Rooms
All activities will take place in one of three rooms:
- (Rm. 1/2) 3A001 & 3A002 learning studios (two rooms joined into one large room)
- (Rm. 1) 3A001 learning studio
- (Rm. 2) 3A002 learning studio
- (Rm. 3) 3A003A/B used for workshops only (please be quiet when crossing skywalk, due to event in atrium, thanks!)
Alternative to workshops: if you're not attending workshops, you're welcome to use the hack room in 3A001
Schedule
- 8:00 - 9:00: (Rm. 1/2) Registration + coffee/tea/pastries + cRaggy submissions open
- 8:45 Childcare Opens
- 9:00 - 9:10: (Rm. 1/2) Introduction (slides) (cRaggy slides)
- 9:10 - 9:45: (Rm. 1/2) Keynote: Alison Hill
- 9:45 cRaggy submissions due
- 9:45 - 10:30: (Rm. 1/2) Coffee break + Panel Discussion
- 10:30 - 12:00: (Rm. 2/3) Workshops
- (Rm. 2) A gRadual intRoduction to Data Wrangling
- (Rm. 3) Intermediate Machine Learning = Introduction to Deep Learning using TensorFlow with R
- 12:00 - 1:15: (Rm. 1) Lunch (catered) + cRaggy Browsing/Voting
- 1:15 - 1:50: (Rm. 1/2) Keynote: Kara Woo
- 1:50 - 2:15: (Rm. 1) Break/Socializing
- 2:15 cRaggy votes due
- 2:15 - 3:45: (Rm. 2/3) Workshops
- (Rm. 2) A gRadual intRoduction to Data Visualization
- (Rm. 3) Using R with Databases
- 3:45 - 4:00: (Rm. 1/2) Break (snacks/beverages)
- 4:00 - 6:00: (Rm. 1/2) Lightning talks
- cRaggy Winner Presentations
- Lightning Talk Session 1 ~ 50 minutes
- 15 minute break
- Lightning Talk Session 2 ~ 45 minutes
- 5:45: Childcare closes
- 6:00: (Rm. 1/2) Closing remarks
- 6:00: (Rm. 1/2) Social
- (Portland) Bird of Feather Dinners
Keynotes
Alison Hill
Title: Big Magic with R: Creative Learning Beyond Fear
Bio: Alison is an Associate Professor of Pediatrics at Oregon Health Science University (OHSU) and the Assistant Director of OHSU's Center for Spoken Language Understanding, home to the Computer Science graduate education program.
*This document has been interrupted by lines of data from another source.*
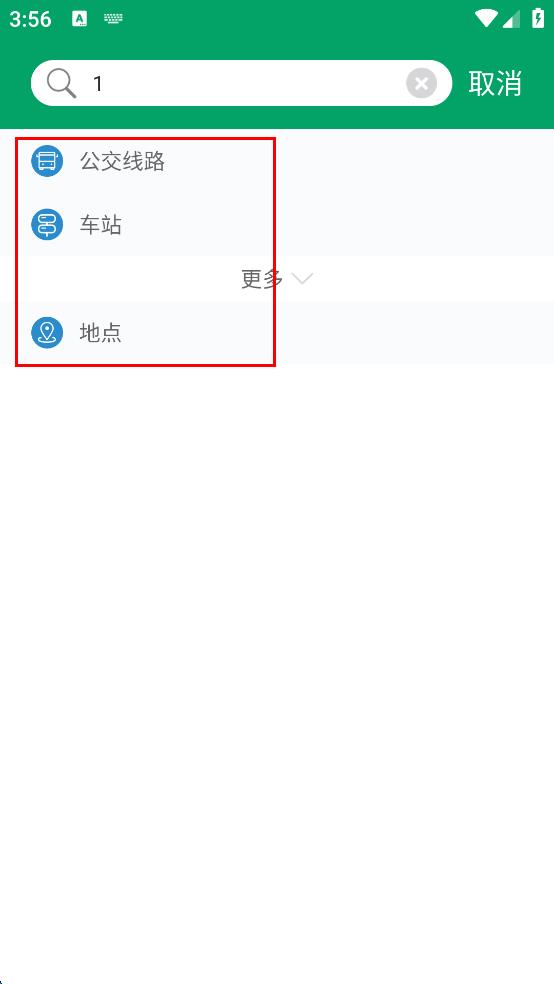 4、在搜索框輸入相關(guān)信息,可從彈出的“公交線路”“車站”“地點”等選項中選擇,進(jìn)行公交信息查詢。
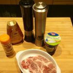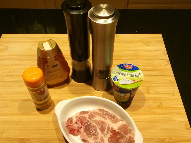 Zet alle ingrediënten klaar. Bestrooi de karbonade met zout en peper.
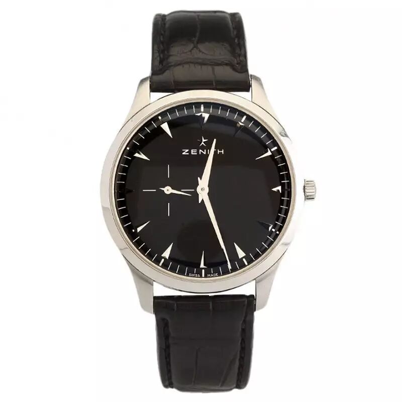 精钢圆形表壳、蓝宝石表镜、黑色表盘、鳄鱼皮表带、生活防水、9点位置小秒针,表盘整洁大气。
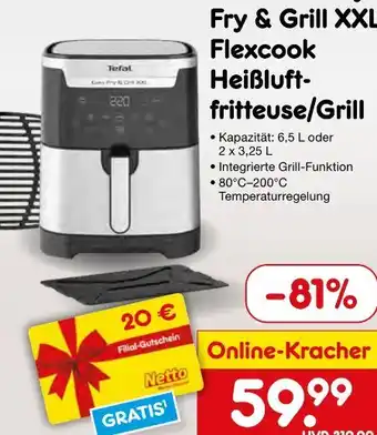 Jetzt im Angebot bei Netto Marken-Discount: Tefal EY801D Easy Fry & Grill XXL Flexcook Heißluftfritteuse/Grill ✅ Aktion gültig vom 20-04 bis 26-04.
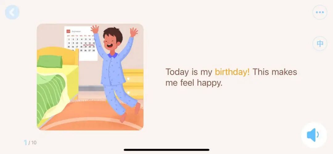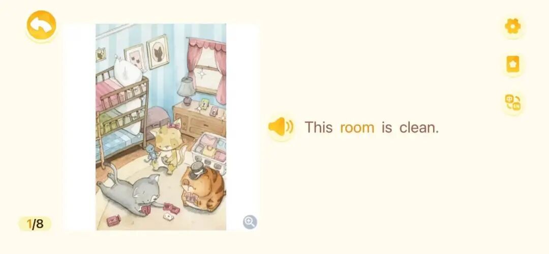 听——娃跟着 ABC reading 里标准的美式真人发音,配合图片,一页一页地看、听绘本,先让孩子建立语音和图片之间的关联,积累听力词汇,初步熟悉绘本内容👇
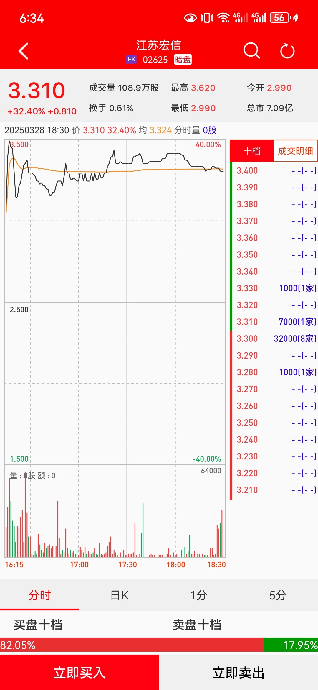 智通财经APP获悉,江苏宏信(02625)将于3月31日(星期一)在香港挂牌。截至收盘,利弗莫尔证券暗盘交易显示报价3.31港元,较招股价2.5港元上涨32.40%,每手1000股,不计手续费,每手赚810港元。

Her current research aims to evaluate whether Natural Language Processing methods can be translated into meaningful outcome measures for individuals with neurodevelopmental disorders like Autism, Down Syndrome, and Fragile X Syndrome. Her work has been published in numerous peer-reviewed journals and book chapters, and has been funded by the Oregon Clinical and Translational Research Institute, the National Institutes of Health Office of Research on Women's Health, and the National Institute on Deafness & Other Communication Disorders. Alison began using and teaching R seven years ago. She teaches four graduate-level courses using R, and is the author of "Working with Data in the Tidyverse" to be offered by DataCamp.com. She is also a co-author of the book "blogdown: Creating Websites with R Markdown" with Yihui Xie and Amber Thomas.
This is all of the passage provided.